### Work item
Exclude every picture. Output verbatim the lines from the one containing "E continua sulla" to the end of the data.
[[ Material supplied, beginning ]]
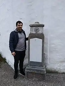 ![]() Sandstone grave monument for Niels and Karen Lassen, approx. 1810, by the choir at Sædder church. Descendant Kevin B. Højgaard-Christiansen stands next to it. | |
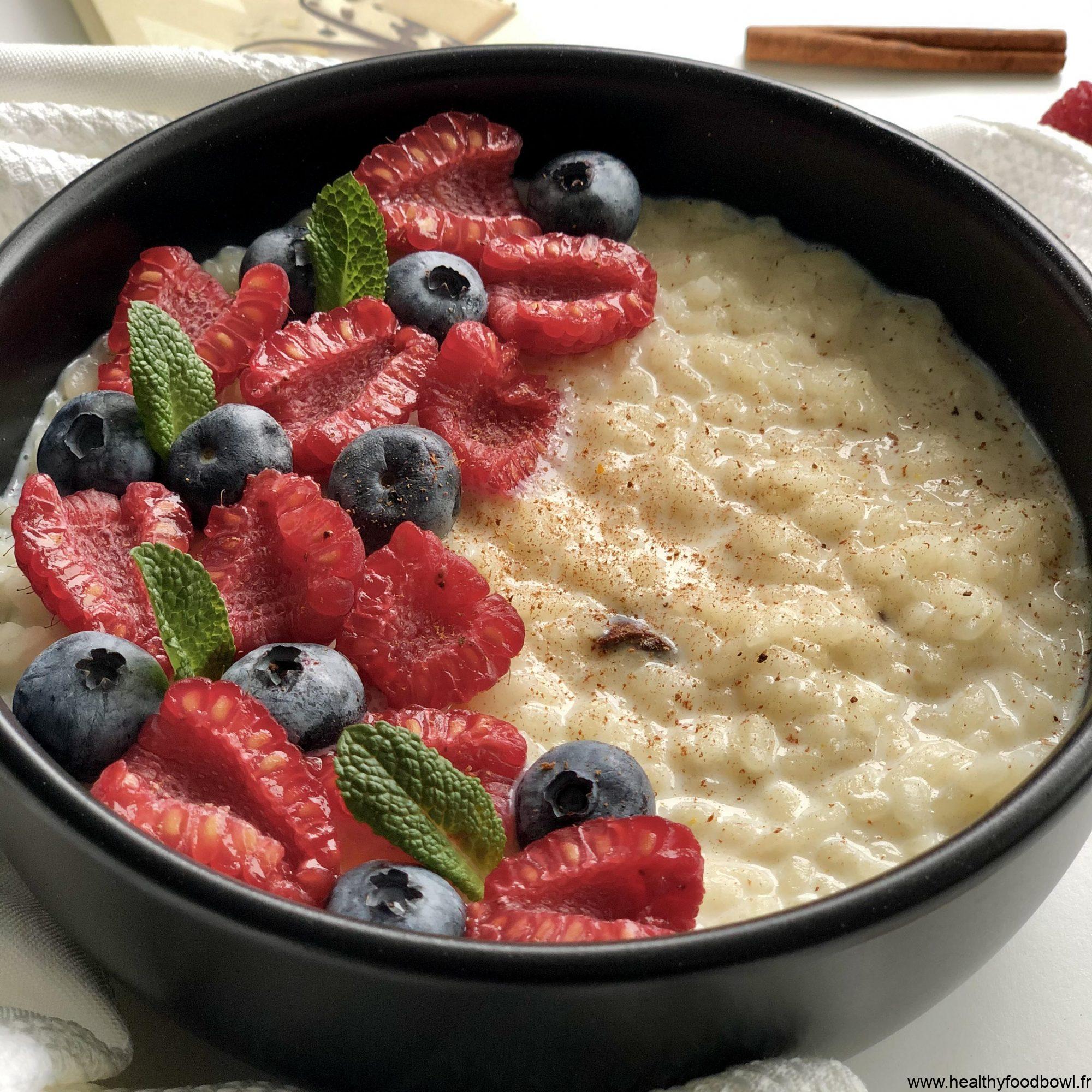 Riz au lait cuisiné au multi-cooker Infos pratiques 2 personnes Niveau : Facile Matériel Multi-cooker Ingrédients 100 g de riz dessert 50 cl de lait 4 carrés de chocolat blanc vanille 1 sachet de sucre vanillé  1/2 bâtonnet de cannelle Topping (framboises, myrtilles, quelques feuilles de menthe) La recette Passez le riz à l’eau. Mettez tous les ingrédients …
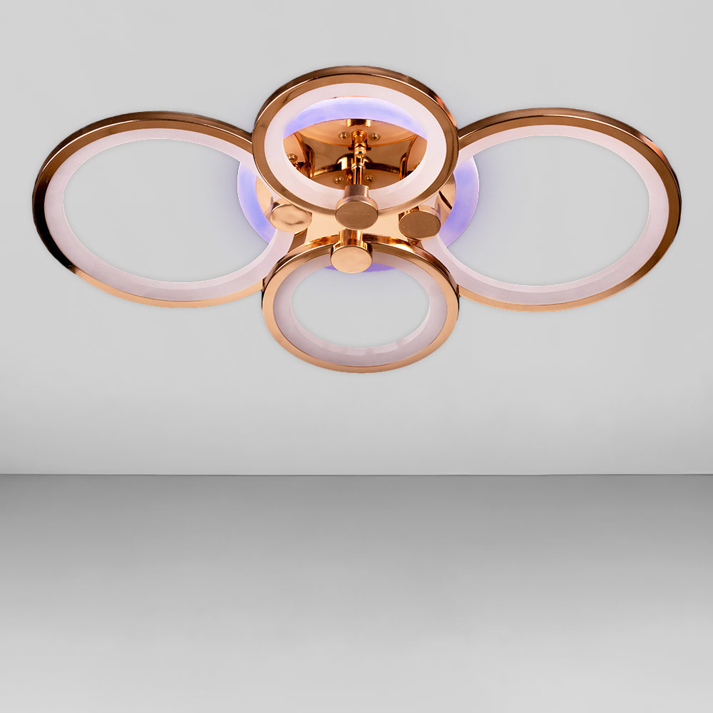 Стельова світлодіодна люстра в сучасному стилі, на чотири джерела світла у вигляді LED кілець з диммером та RGB з підсвічуванням корпусу.
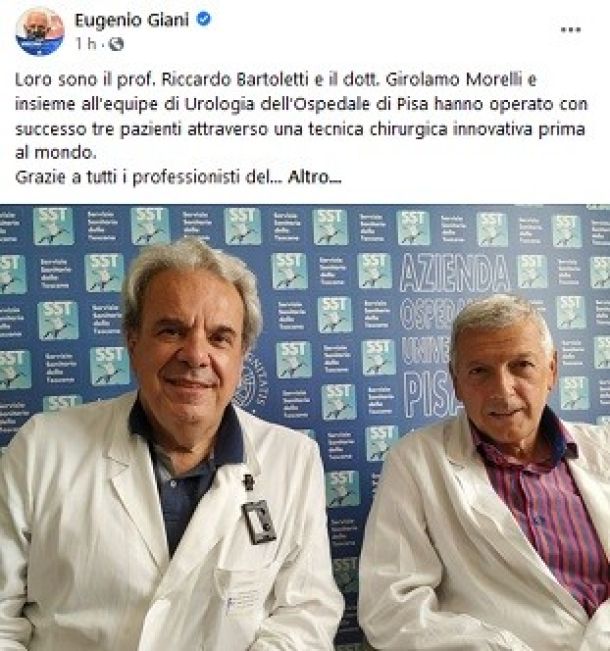 E continua sulla pagina Facebook, visitando l’ospedale di Pisa: «Loro sono il prof. Riccardo Bartoletti e il dott. Girolamo Morelli e insieme all’equipe di Urologia dell’Ospedale di Pisa hanno operato con successo tre pazienti attraverso una tecnica chirurgica innovativa prima al mondo. Grazie a tutti i professionisti della sanita’ toscana, continueremo a investire per cure sempre piu’ moderne e all’avanguardia!”. Lo ha scritto sul suo profilo Facebook il presidente della regione Toscana, Eugenio Giani, allegando una foto del professor Riccardo Bartoletti e del dottor Girolamo Morelli.
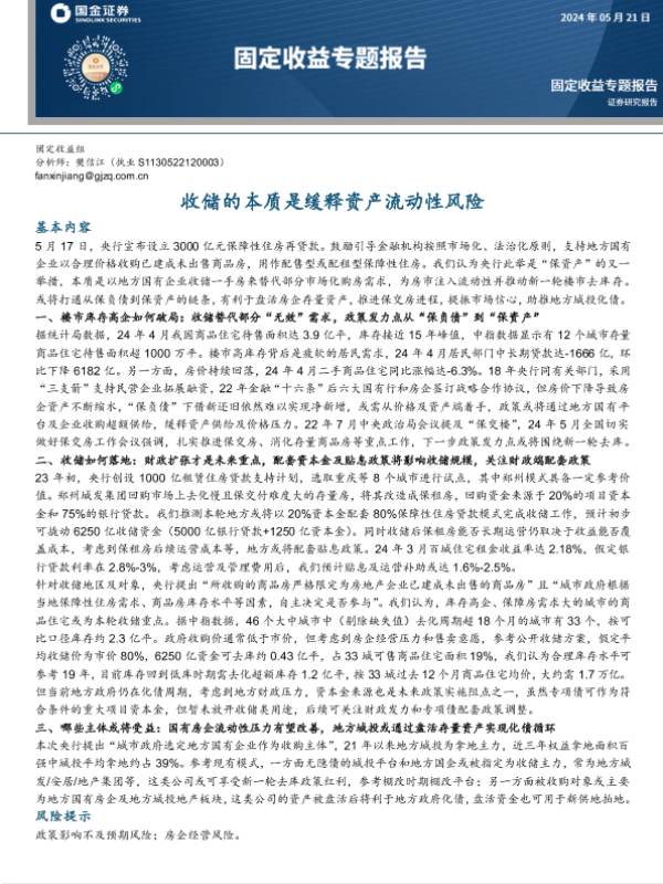 【国金证券】【20240521】固定收益专题报告:收储的本质是缓释资产流动性风险-11页 行业研究
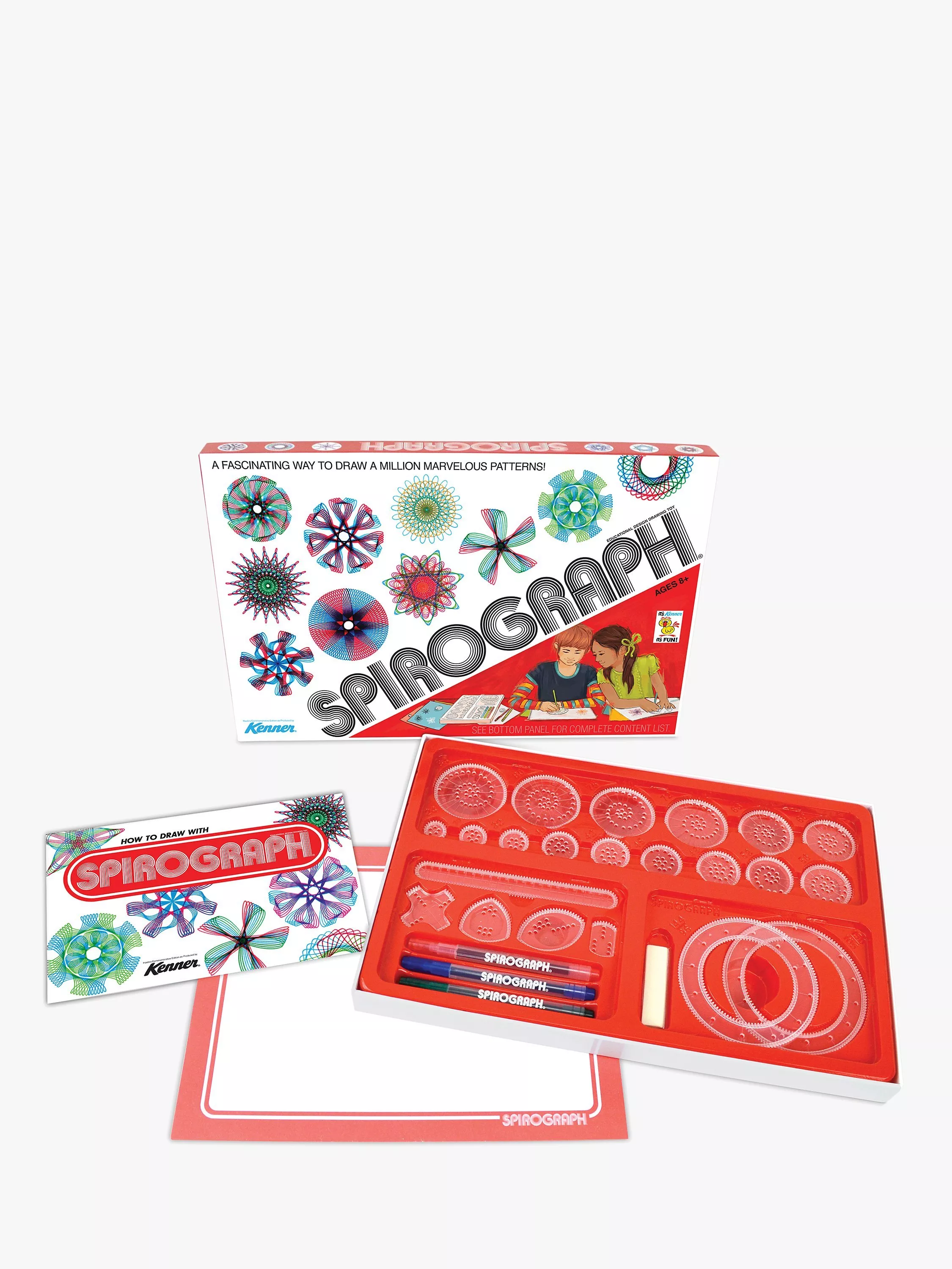This commemorative edition Spirograph set is a reproduction of the original - just like you remember - featuring throwback packaging and retro graphics!
[[ Material supplied, end ]]
### Answer box
 E continua sulla pagina Facebook, visitando l’ospedale di Pisa: «Loro sono il prof. Riccardo Bartoletti e il dott. Girolamo Morelli e insieme all’equipe di Urologia dell’Ospedale di Pisa hanno operato con successo tre pazienti attraverso una tecnica chirurgica innovativa prima al mondo. Grazie a tutti i professionisti della sanita’ toscana, continueremo a investire per cure sempre piu’ moderne e all’avanguardia!”. Lo ha scritto sul suo profilo Facebook il presidente della regione Toscana, Eugenio Giani, allegando una foto del professor Riccardo Bartoletti e del dottor Girolamo Morelli.
 【国金证券】【20240521】固定收益专题报告:收储的本质是缓释资产流动性风险-11页 行业研究
This commemorative edition Spirograph set is a reproduction of the original - just like you remember - featuring throwback packaging and retro graphics!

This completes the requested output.